• _WHAT TO WORK ON_:
From the data underneath, reproduce exactly the stretch that begins at the line with "The way one" and ends after the line with "Steigleitern dienen dem".

• _DATASET_:
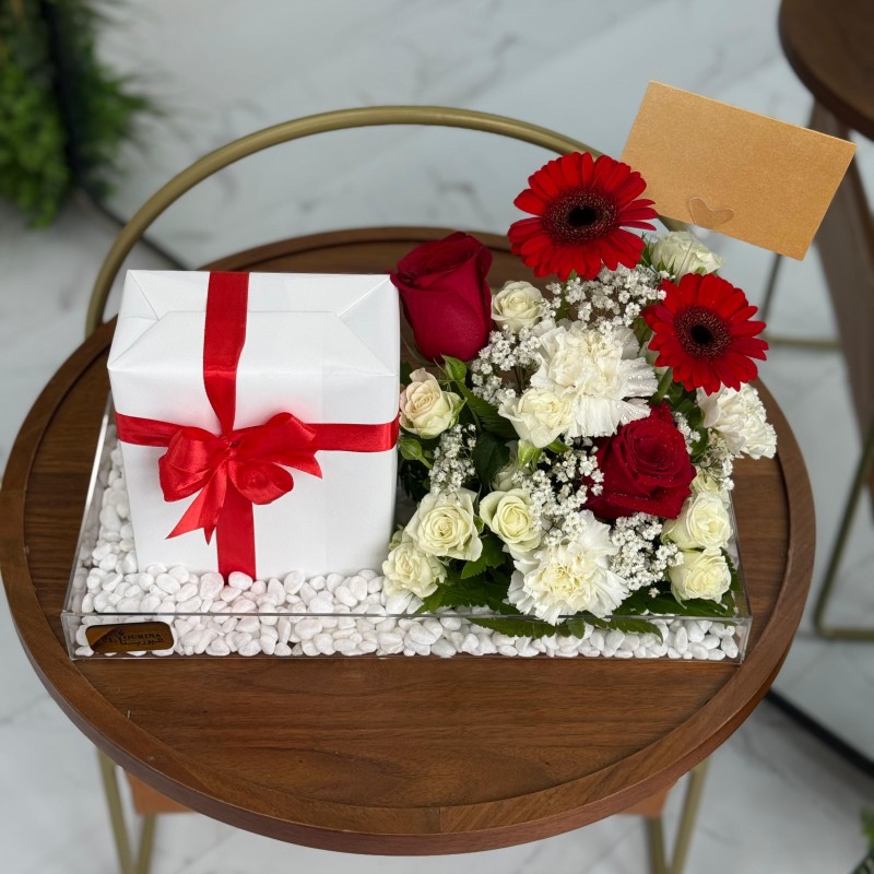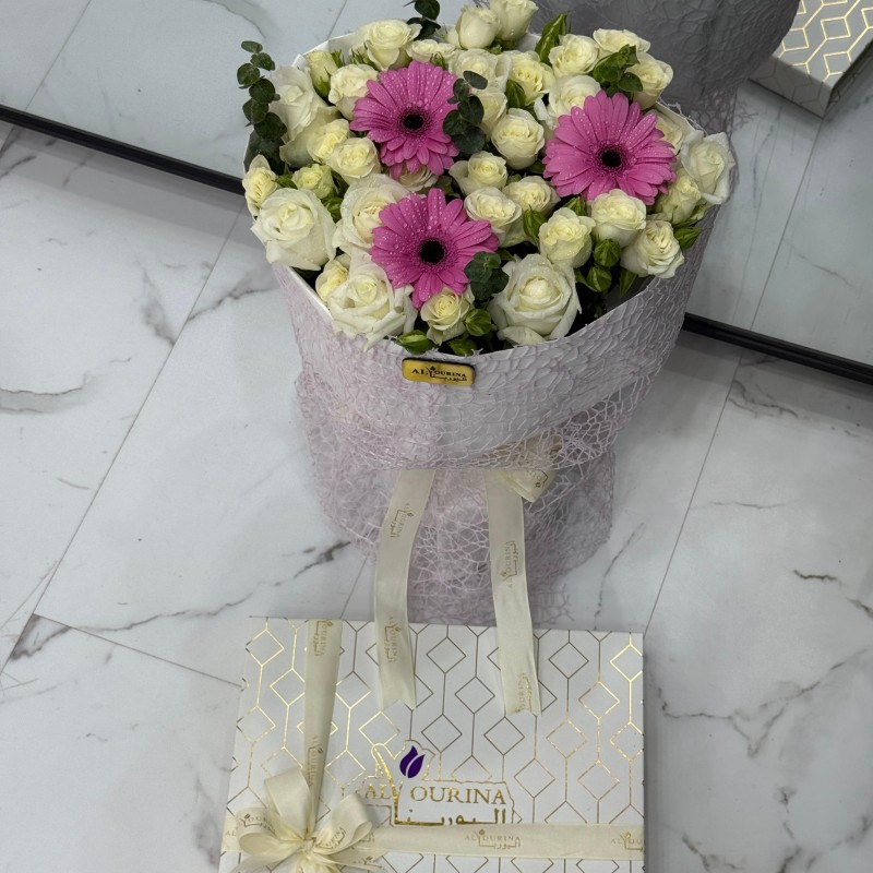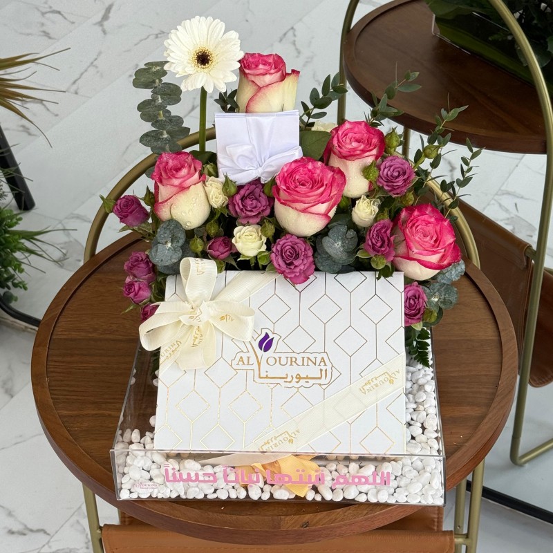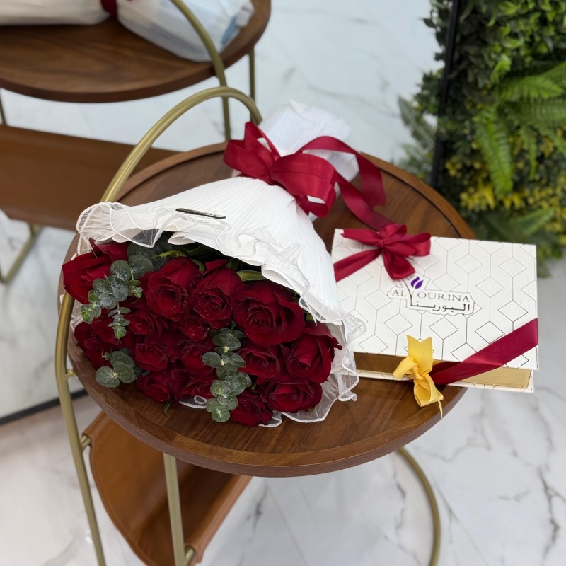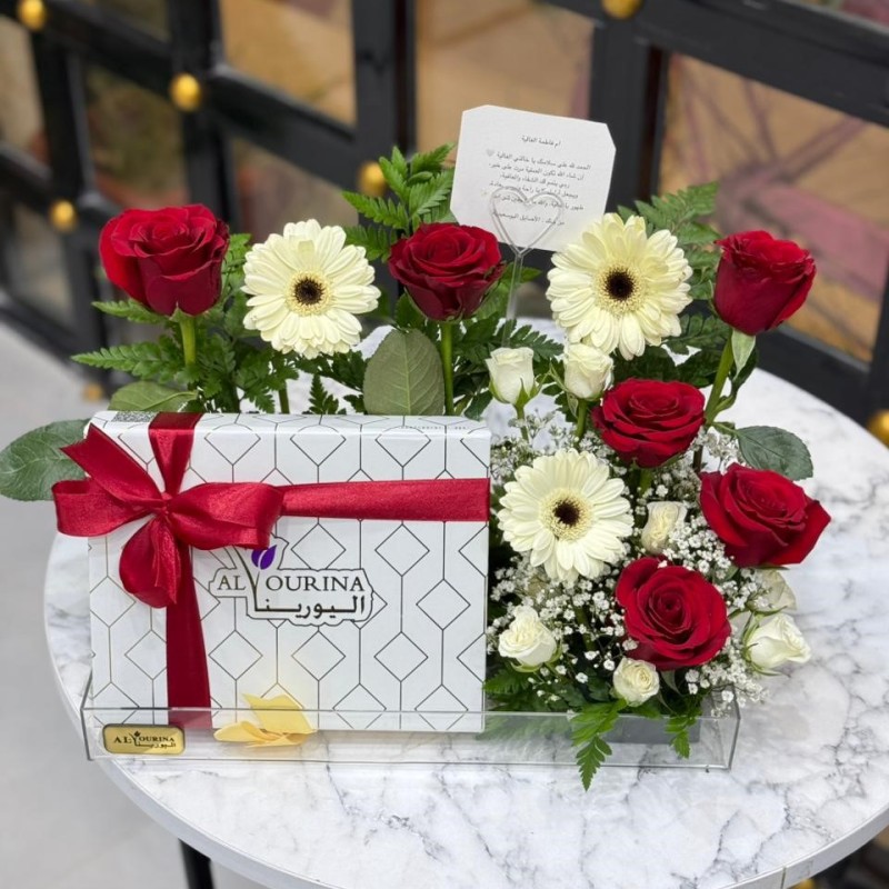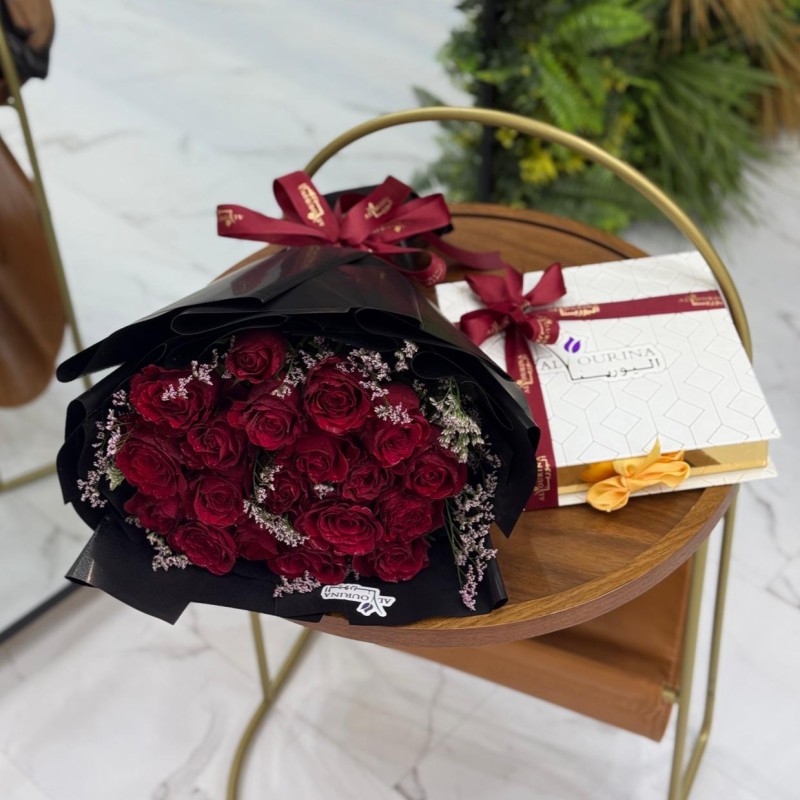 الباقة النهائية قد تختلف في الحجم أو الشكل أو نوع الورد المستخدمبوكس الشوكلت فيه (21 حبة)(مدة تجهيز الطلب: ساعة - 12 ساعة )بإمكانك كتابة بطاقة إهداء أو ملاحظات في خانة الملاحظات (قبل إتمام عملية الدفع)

---

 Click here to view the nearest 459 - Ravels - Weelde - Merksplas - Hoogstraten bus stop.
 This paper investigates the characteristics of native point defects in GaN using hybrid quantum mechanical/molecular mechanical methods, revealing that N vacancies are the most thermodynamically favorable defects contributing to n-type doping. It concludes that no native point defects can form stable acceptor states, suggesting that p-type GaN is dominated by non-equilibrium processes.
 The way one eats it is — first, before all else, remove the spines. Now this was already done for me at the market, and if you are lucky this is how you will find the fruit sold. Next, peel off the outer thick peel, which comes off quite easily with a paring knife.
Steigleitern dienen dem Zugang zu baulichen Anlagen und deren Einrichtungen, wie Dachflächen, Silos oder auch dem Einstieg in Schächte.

• _OUTPUT OF THE EXERCISE_:
 The way one eats it is — first, before all else, remove the spines. Now this was already done for me at the market, and if you are lucky this is how you will find the fruit sold. Next, peel off the outer thick peel, which comes off quite easily with a paring knife.
Steigleitern dienen dem Zugang zu baulichen Anlagen und deren Einrichtungen, wie Dachflächen, Silos oder auch dem Einstieg in Schächte.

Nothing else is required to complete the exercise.